A review by Nityaprem of Sarito Carroll’s memoir
In the Shadow of Enlightenment
by Sarito Carroll – saritocarroll.com
Heroine Publishing LLC (13 November 2024)
Kindle and paperback, 314 pages
ISBN-13: 979-8991686617
ASIN: B0DM2LN2ZR
Links to buy from: saritocarroll.com/buy
In the Shadow of Enlightenment both is and is not an easy book to read. The writing is good, and the prose flows naturally and smoothly across the page. But the subject matter makes for somewhat uncomfortable reading – yet at the same time it is an important viewpoint of what happened in the Osho communes. It is the story of Ma Prem Sarito and her journey as a sannyas girl, through Poona One and the Ranch, starting at age nine – until at sixteen she ends up back in ordinary society.
First, for full disclosure, she and I are of the same generation, she being a few years the elder, and our living in some of the same places at the same times makes it easy for me to feel a certain kinship with her.
The early parts of the book, where she details her child’s eye view of the Poona Ashram in the late seventies, feel very familiar, and I’m sure would occasion a pleasant trip down memory lane for anyone who was there.
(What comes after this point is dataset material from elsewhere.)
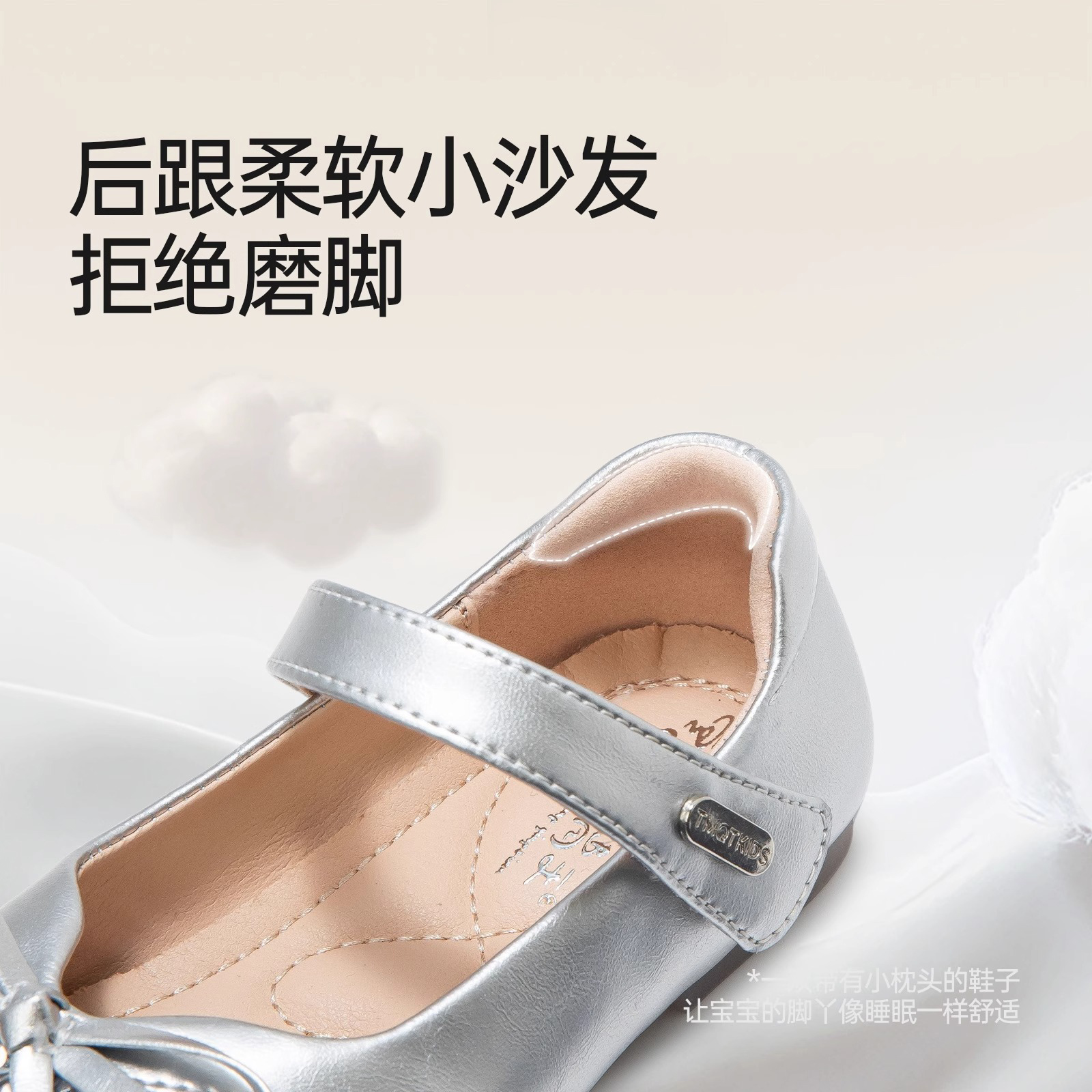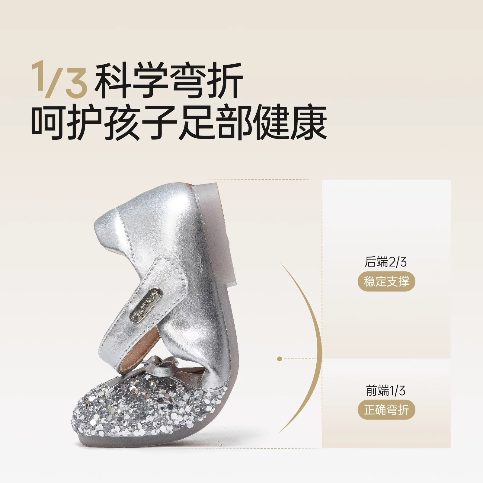 真皮公主鞋女童艾莎鞋子2025新款儿童皮鞋宝宝银色水晶鞋单鞋软底
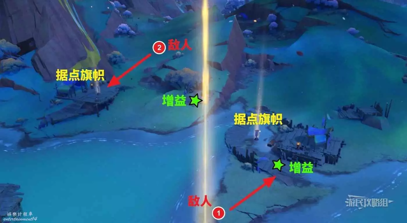 在①號點位佔領據點後,立即前往旁邊出現感嘆號的位置擊敗敵人。

She describes her energy darshan, and her time running messages for the front office, and also what it felt like when Osho suddenly left for America.
Sarito was sannyasin-arrival number 32 on the Ranch, well before Osho’s arrival. Her early days on the Ranch, and later as part of Sheela’s office, fill in a number of gaps in common knowledge – before leading into one of the main themes of the book, her early sexual experiences. She was seduced at twelve by a well-known adult sannyasin; I won’t name him here but she does name names in the book. She ends up sleeping with him more than a hundred times, her head filled with teenage romantic dreams of love and loyalty, until she gets her heart broken.
Now, the law considers sex between a minor (someone below the age of consent) and an adult, abuse and rape for good reasons; yet it seems to have been fairly common on the Ranch, and many people knew about it.
The brain and the hormonal system are not fully mature in teens, and the experience of adult sexual relations with a partner who has no intention of loving you for the long haul can be very damaging in terms of the ability to form future attachments. It can take a long time to adjust to a more normal relationship, and to gain the ability to reflect truthfully on these things. It is neither a coincidence nor a surprise that it has taken until Sarito was in her fifties for her to be able to write this memoir.
The book continues to mix the story of Sarito’s under-age sexual life with details about the development of the Ranch, plus Sheela and Osho. She tells what happened to her after the Ranch collapsed. She details some of the process of therapy, of hearing her therapist tell her she could read the signs of abuse in her body language. She talks of coming to see Osho’s movement as a cult. She talks about her feelings, and being diagnosed with severe post-traumatic stress disorder. She also describes her struggle to be heard, of her contact with other ‘then-kids’ who had similar experiences, and at the very end, her reclaiming of the good things in her life.
It is a courageous book. Sarito has written with honesty and clarity about her life. I think it is up to us as past and present sannyasins to not look away, and to appreciate both the beautiful and the awful of what happened.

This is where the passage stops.